Osteitis pubis has unfortunately become a much more common injury in sports people, especially in the late teenage years. Whilst there are often a number of causes, there is usually a significant element of Bone Stress Reaction.
These problems will usually improve with rest, but commonly the pain returns when the player returns to full activity.
Individual assessment of the causes, and specifically tailored exercise programs are the gold standard for the management of these injuries.
These problems commonly need the involvement of the physiotherapist and sports medicine doctor.
Some of these injuries may also require surgery.
What is the cause?
The main cause is a build up of stress between your left and right pubic bones causing a stress reaction
This build up of stress can be caused by:
- Weakness of your gluteal (bottom) muscles
- Overactivity of your groin muscles
- Overactivity of your abdominal muscles
- Abnormal hip biomechanics
It is also common in sports (e.g. AFL, football/soccer) where player kick, and have sudden changes of direction, or favour one side of your body.
It has become more common in these sports as they have also involved increased amounts of running.
What will you feel?
This type of injury doesn’t usually get better as you warm up
- Often the pain takes a little while to come on, and then it can feel quiet sharp.
- Once you cool down it can remain painful.
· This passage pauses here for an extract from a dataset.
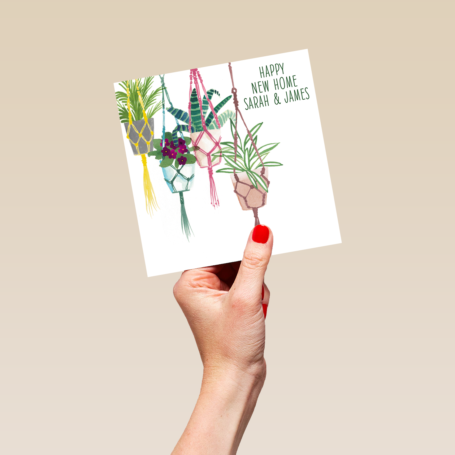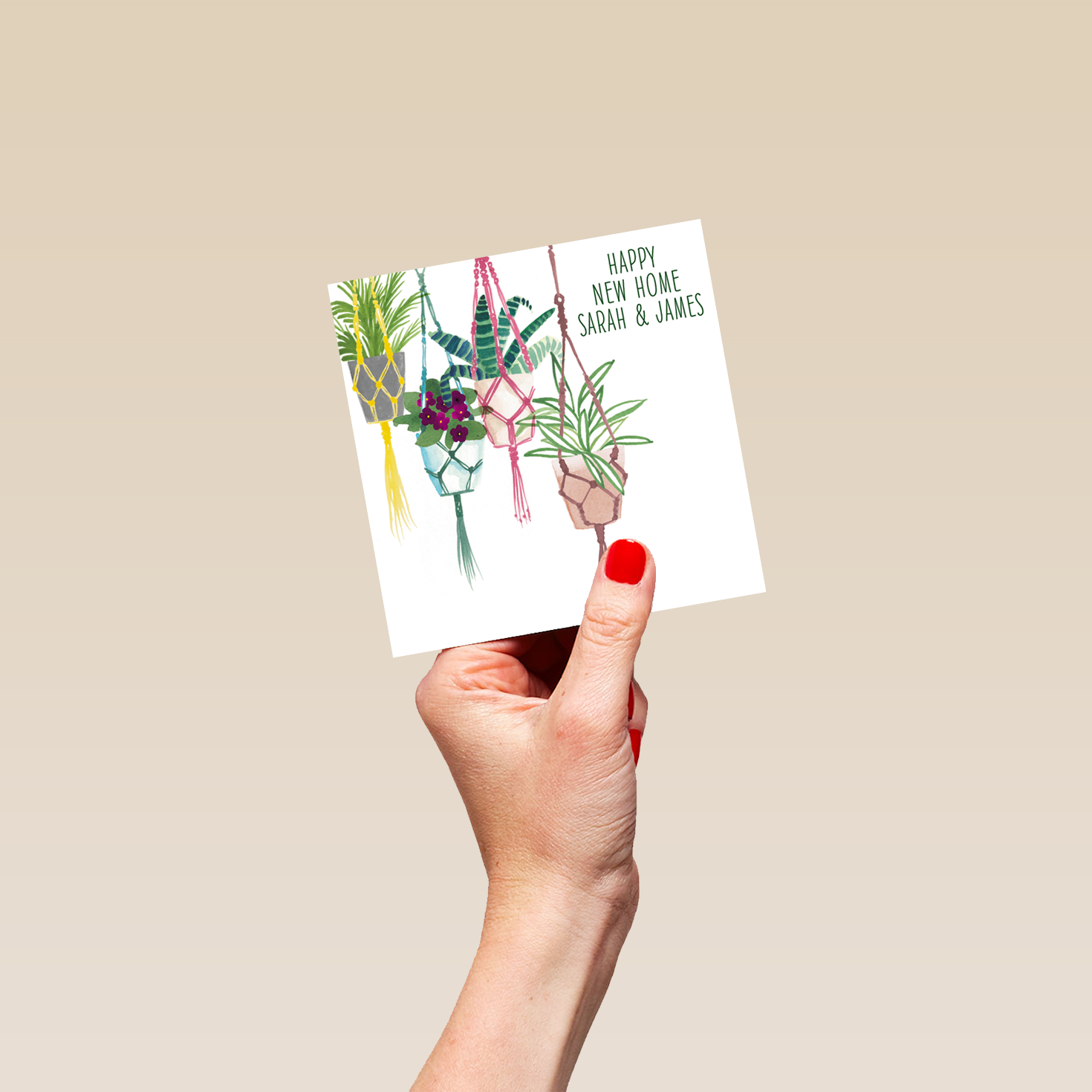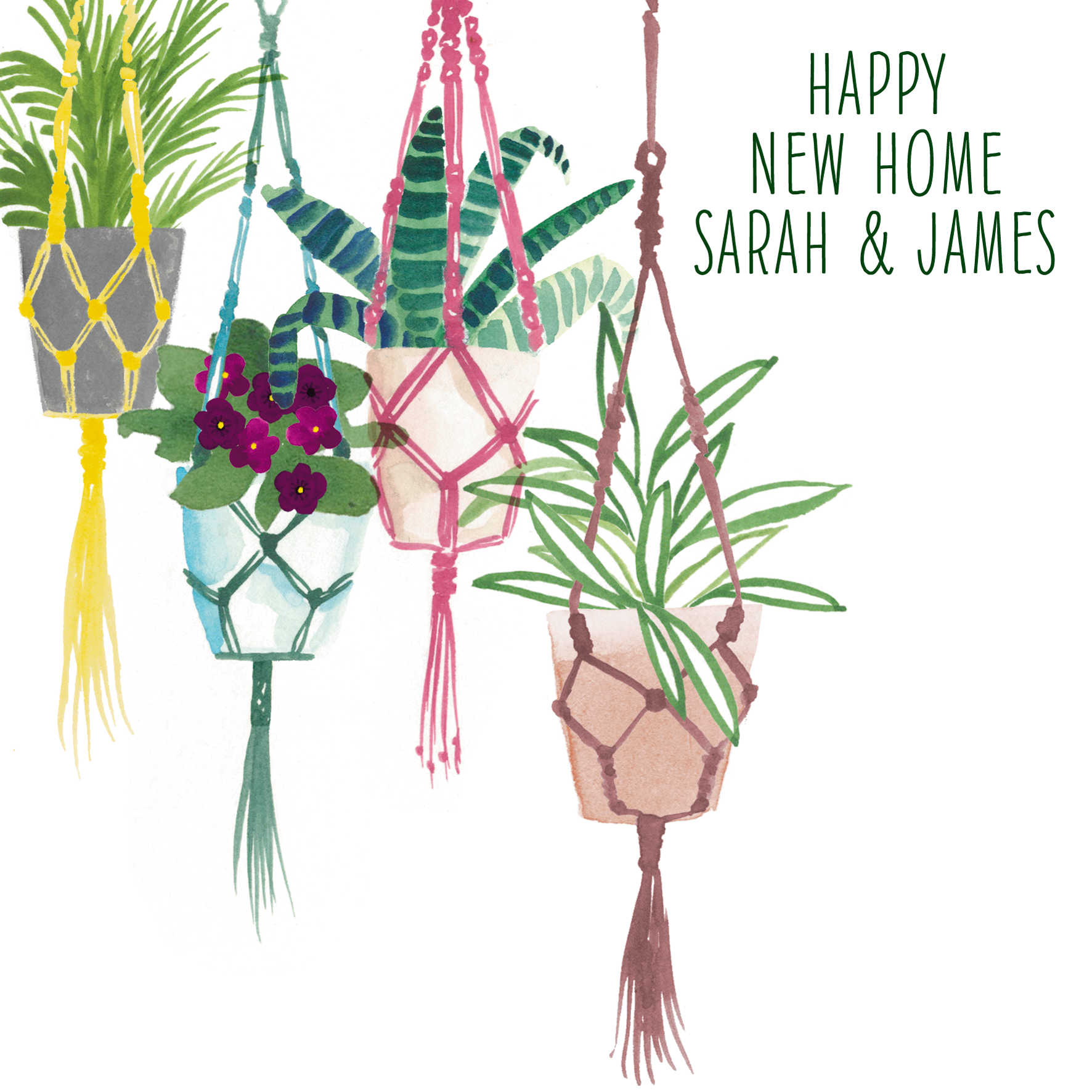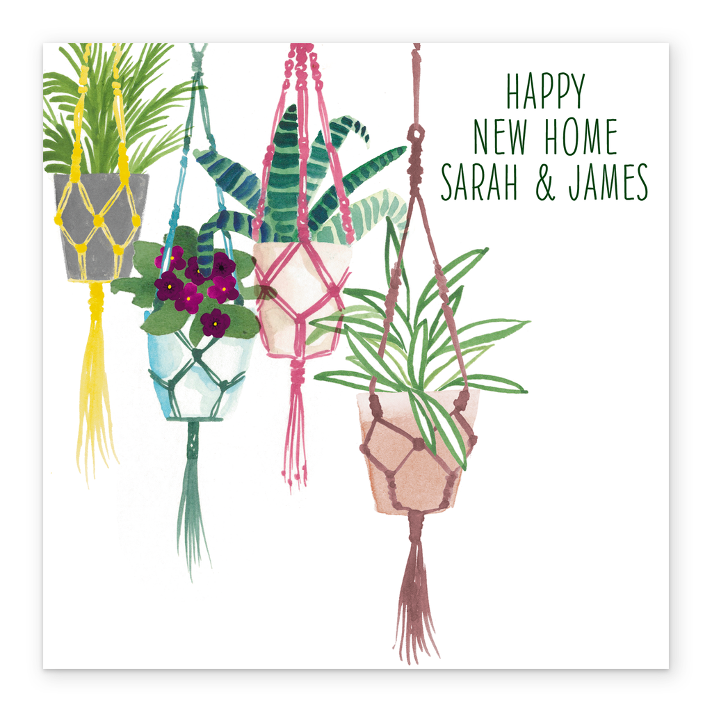 Printed on premium-quality board, this card features hanging plants in colourful plant pots, with the message 'Happy New Home', space to personalise a name, and comes complete with a co-ordinating white envelope.

- Your pubic bone may ache for several days and you will be stiff with movement around your pelvis
- It is most commonly felt on your pubic bone/groin, but can radiate into your groin muscles and hip on one side.
What should you do initially?
Follow the treatment:
- Rest – avoid exercise that will cause more pain
- Ice – every hour for 15-20 minutes on the painful area
- Compression – Skins, or a SIJ brace may take some pressure off the pubic bones
- Medicine – anti-inflammatory medication, i.e. Nurofen
Make an appointment to see a sports medicine doctor or physiotherapist for management advice.
What type of rehabilitation is best?
There is no one type of rehabilitation is best, however programs usually contain some or all of the following.
- Rest or relative rest from sport that makes the pain worse.
- A gradual planned return to sport
- Strengthening of the gluteal (bottom) and groin muscles
- Abdominal control exercises
- Cortisone injections
- Acupuncture and soft tissue release
- Surgical interventions (adductor release, wedge resection)
It depends on many factors such as; what type of sport you play, the severity of your pain, your age, the duration of the symptoms etc.
How long until you return to sport?
- This will depend on the severity of your symptoms and your physiotherapist’s and sports medicine doctor’s recommendations.
- This injury rarely gets better by itself with just rest.
- In severe cases this can involve up to 12 weeks rest, and then active physiotherapy and gradual guarded return to sport in 6 months.
- Or surgical intervention – approximately 10 weeks of rest and then strengthening and control exercises for a further 1-2 months before gradual return to sport.